W sumie nie lubiłem mówić o pracy. Nudziło mnie to. Starałem się wiązać koniec z końcem i nikomu nie wchodzić w drogę. Nie handlowałem bronią ani prochami, i na moich rękach nie było krwi, a przynajmniej nic o tym nie wiedziałem. Byłem normalnym, zwykłym facetem, który znalazł się we właściwym miejscu we właściwym czasie.

W tym świecie od zawsze było tak, że ktoś zyskiwał, a ktoś tracił. Szczęście trafiło akurat do mnie, i nie miałem zamiaru protestować. Gdy różnego rodzaju twórcy odeszli do lamusa, miliony nie miały pracy, i co gorsza, żadnej nadziei na lepsze jutro. Nikomu, również mi, nie było łatwo. Nastąpił krach CBDC i wszelkich cyfrowych walut. Elity i rządy zmieniały się w jak w kalejdoskopie, a autorytety upadały.

Choć teoretycznie nic mnie z Polską nie wiązało, to bolał sam fakt, że wtedy padła ofiarą bezprecedensowych ataków. Według wielu mądrych ludzi była to konsekwencja słów z początku wieku, że tak będzie, dopóki kraj nie zapłaci określonym grupom ogromnych pieniędzy. Generowano miliony stronniczych tekstów o tym, jak bardzo Polacy są straszni i złodziejscy, i jak mocno zniszczyli pewną społeczność w trakcie ostatniej wojny światowej. Kilka razy uczestniczyłem w głośnych protestach w tej sprawie, a po jednym z nich obiecałem sobie, że zawsze będę używał etycznie wszystkich swoich SI.

Ogólnie w tamtym czasie zapisano na nowo wiele kart historii. To tylko przepełniło czarę goryczy, i wtedy powstała naklejka „100% human made” i działalność rozpoczęła słynna organizacja terrorystyczna, która regularnie paraliżowała pracę serwerowni.

Protestowano na całym świecie. Regularnie palono siedziby nie tylko firm technologicznych i farmaceutycznych, ale przede wszystkim tych zajmujących się żywnością czy chemią. Podejrzewano je o niszczenie ludzi, którzy mieli chorować i ciągle się leczyć, do tego być nadzorowani, czy nie planują jakichś przewrotów, rewolucji czy innych głupot.

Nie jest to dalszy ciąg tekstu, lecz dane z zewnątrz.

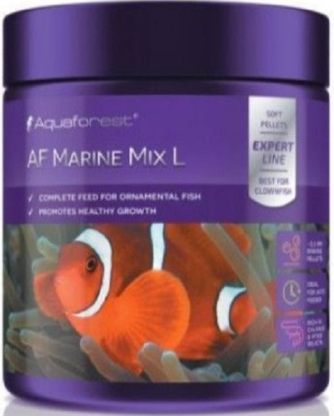 Aquaforest AF Marine Mix L is voer in korrelvorm aanbevolen voor onder meer carnivore vissen, zoals anemoonvissen. De voeding bevat een hoog eiwitgehalte om vissen een goede groei en een uitstekende conditie te geven.

Historia zanotowała gigantyczny wzrost popularności narkotyków. Ich masowe nadużywanie doprowadziło do śmierci milionów. Nie tylko z tym był jednak problem. Bardzo wiele substancji i towarów zniknęło dosłownie z dnia na dzień z rynku, wywołując szok u uzależnionych. Cukier, sterydy, czy większość papierosów i alkoholi to tylko przykład tego, co ostatecznie zastąpiono tanimi, co gorsza, znacznie bardziej niszczącymi zamiennikami.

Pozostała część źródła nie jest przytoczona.